A good first step is always just to figure out where your personal and professional boundaries are. Sometimes the act of writing them down can help you decide exactly where the lines should be drawn.

How Are Professional Boundaries Set?

Clarity is one of the most important skills when it comes to setting professional boundaries in psychology. You need to be straightforward and absolutely firm. Most therapists begin their sessions with a new client by outlining some boundary definitions.

Every therapist is aware that setting boundaries with clients in counseling isn’t as easy as just laying down the law. It takes consistency and repetition to make boundaries stick.

Some therapists use a formal contract to outline their boundaries, which they have patients read and sign before beginning therapy. That’s a kind of ritual, a routine formula that can serve as another way of maintaining professional boundaries in psychology. Another example of ritual is asking clients to turn off their cell phones as they enter your office, or even simply re-stating expectations at the beginning of a session. That’s particularly common in group therapy, where everyone is reminded about privacy and limitations at the beginning of every meeting.

Setting Up Patients To Set Their Own Boundaries

Patients get to set boundaries, too.
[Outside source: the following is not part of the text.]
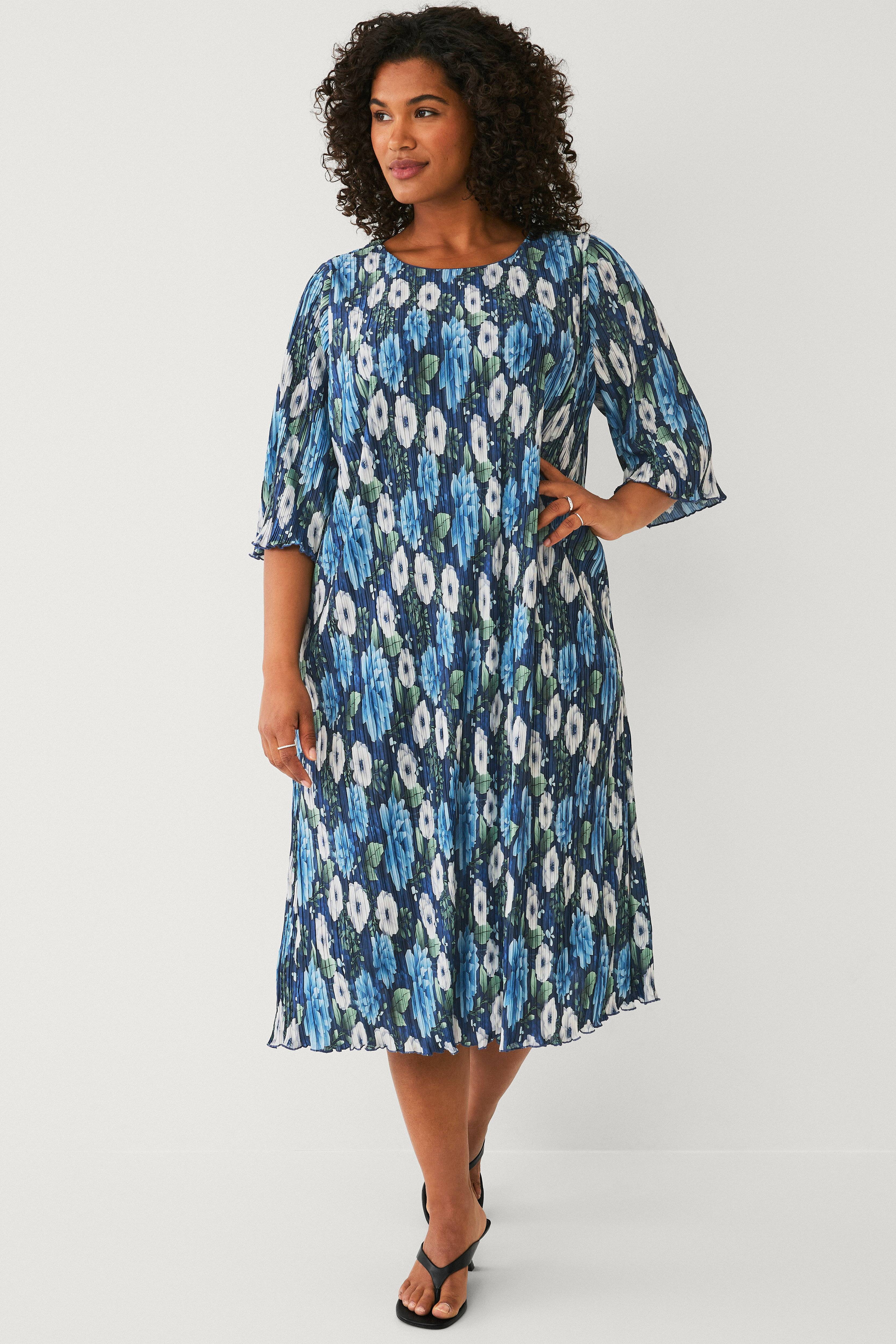 • Store størrelser• Plisseret model med svaj• Rund hals med knap i nakken• Bredt ærme med svaj• Bølgede kanter• Længde: 118 cm i størrelse S

Unlike you, however, they won’t have the training and the education it takes for an understanding of how to go about setting boundaries in therapy. You will have to explain the concept and ask plenty of questions  about their own limits.

This is a delicate process since therapy is often about discovering issues that patients don’t already realize. It also frequently involves intentionally exploring areas of discomfort, even if in the most comfortable way. Both of those things can make setting boundaries with counseling clients a difficult process.

But this is why you get paid the big bucks!

In fact, it can be empowering for some clients to be told they are allowed to set boundaries. And the process you work through in their sessions can become a solid model for them to set similar boundaries in other parts of their lives.

For both your own welfare and the health and well-being of your clients, learning to set professional boundaries in psychology will be a key piece of your practice over the course of your career.